Please note that in the event of low enrollment, individual workshops may be canceled.*

Registration

To register for the Special Topics workshops, complete the application form by June 30, 2025.

Testimonials

What do past Minnowbrook participants say about their experience?

“I can’t think of any situation where you have the opportunity to immerse yourself in not only a subject, but a place, that allows for the leisure to contemplate the world without distractions—a serenity that is very different from the hectic world of teaching in the high school in particular. This is the perfect time to lose yourself and do something that you love. Talking about books, talking about art, with people who have the same passion, the same interests, and so much experience to exchange.”

“During my free time, I spent a lot of time on the dock just listening to the water and reading for chunks of time. That’s one of the lures of Minnowbrook: time to think. And to read and to be uninterrupted. And to talk to people who are from all over, finding out what’s going on at other places.”

“Each of the years I’ve attended, I’ve come home with something I’ve been able to use directly in my classes and in my instruction. I’m getting materials and points of view that I didn’t have. The marriage of people from the high schools and Syracuse University in this particular program, which we’ve come to call an intellectual community, has the distinct advantage of giving us an opportunity to generalize our knowledge, to find out what things are like in other places, and to see what works in other places. It’s so refreshing: you come home and you have thought deeply about a variety of subjects and discussed them with a variety of very intelligent and very articulate and very well-read and informed people, and how can that be bad? It’s just a totally good time.”

“Well, first of all, the setting is so gorgeous. And you just feel at peace and relaxed. It becomes a very intense experience, because when you’re with a group of people and you’re in class with them for so many hours of the day, and then you sit down and have lunch with them, and you sit down at dinner with them, and you have breakfast with them, and you talk, continually, and the issues that come up in the class get hashed out again and again, new things get brought up over meals, and it’s just a very stimulating, and totally involving experience. And you come back very invigorated and with new ideas and ready to try new things.”

“The intellectual stimulation that you get here is incomparable. I mean you go to the faculty room and everybody complains about problems with the day-to-day routine, and you don’t get to discuss ideas at all or techniques that you would use in the classroom. Here, we talk about all kinds of things that we can try and that we’ve tried before that worked. It’s just a constant exchange of new ideas. It’s a totally new networking that is not normal in a high school room. Everybody here is just on an automatic cycle of exchange of ideas. And that’s what happens here all the time. Not just in a group meeting but while we’re on a hike up to Castle Rock or while we’re at dinner or after dinner.”

“This has some of the same benefits as any sort of camp provides. People get to come away.

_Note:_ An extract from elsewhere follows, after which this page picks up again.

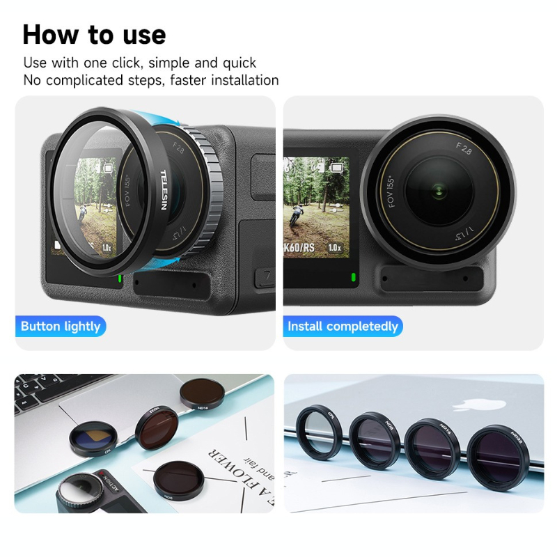 Telesin CPL+ND8/16/32 Lens filter kit for DJI Osmo Action 5Pro/4/3 (AGC Glass)

They get a retreat. And they come together with other people who are interested in the same issues, the same topic, the same inquiry, and they get to live, eat, breathe, and do this for however many hours of a day, so it’s a very short experience, but it’s a very intense experience. And the benefit comes not just from the content delivery, but from the kind of all-inclusive interaction. So there’s this constant flow of discussion, from one course to another, to issues in my school, to how am I going to do this unit of my course, and there’s this sort of seamless interaction for whatever period of time and that’s just remarkable. So you can call it camp but it’s a much more intense sort of professional interaction than any other venue I can imagine.”

“What brings me here? The opportunity to gain credit working with the Syracuse University program and the idea of it being concentrated in one week; other courses that I take are spread out over several months or they take up weekends and don’t feel as though they have the same continuity as they do here.”